В обеденный перерыв, едва только Погарский появился в столовой, очередь расступилась, и все стали кричать:
— Виктор Павлович, проходите вперед! Виктор Павлович, вам без очереди!
— Благодарю, в сущности, мне теперь ничего не нужно, — сказал Погарский и съел бифштекс по-деревенски, салат, блины и выпил кофе с молоком.

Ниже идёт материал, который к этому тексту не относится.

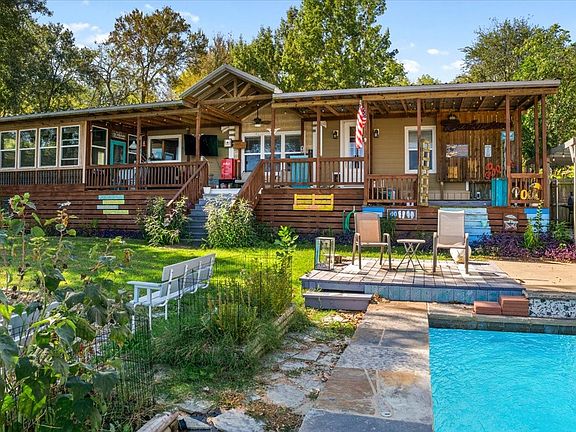 Discover lakeside living at its finest in this stunning 3 bedroom, 2 bath, 1,740 square foot home on beautiful Cedar Creek Lake. From the moment you enter, you're greeted by an open concept floor plan that flows seamlessly from the chef's dream kitchen into the spacious living area, where large windows frame breathtaking water views. The primary suite is a true retreat, featuring a large layout, a spa inspired bath with a separate shower, and a private room showcasing a relaxing garden tub. The split bedroom design ensures a lot of privacy. Perfect for entertaining, this property offers multiple outdoor spaces, including a screened in patio, sprawling covered front deck, and a cabana style setup complete with an outdoor kitchen. Enjoy the sparkling inground pool and hot tub just steps from the front porch. With no HOA and convenient access to local dining, shopping, and more, this lakefront property combines comfort, resort style living, and the perfect escape for those seeking both relaxation and luxury.

После обеденного перерыва к Погарскому пришел предместкома Седельчук. Они не очень ладили, но сейчас Седельчук был вежлив, как дипломат, и внимателен, как врач из платной поликлиники.
— Виктор Павлович, — любезно сказал Седельчук, — если вам нетрудно будет, зайдите в местком, есть интересные путевки, для вас семьдесят пять процентов скидки.
— Если буду жив, зайду, — скорбно вымолвил Погарский.
И грубоватый Седельчук смахнул слезу:
— До ста лет вам жить.
Перед самым концом работы к Погарскому явился Павлик.
— Товарищ Погарский,— отрапортовал он. — Вадим Вадимович приказал отвезти вас домой на его машине.
«Какие милые, чуткие люди», — думал Погарский, покачиваясь на мягком сиденье «Волги» управляющего.
Эта мысль долго не оставляла его, но вечером к ней прибавилась другая. «А почему они такие милые и внимательные? — стал размышлять Погарский. — Наверно, не только потому, что они прочли некролог? А может быть, они что-нибудь заметили во мне? Какие-нибудь следы болезни? Признаки физического разрушения?.. Может быть, и некролог я написал не ради шутки?.. Что-то подсознательное толкнуло меня?..»
Подойдя к зеркалу, он стал внимательно рассматривать свое лицо: зрачки слишком расширены, под глазами коричневые пятна, щеки запали... Раньше никогда этого не было. Да-да, какие-то признаки... Вот и аппетита нет. Ноги плохо держат... Полежать, что ли?..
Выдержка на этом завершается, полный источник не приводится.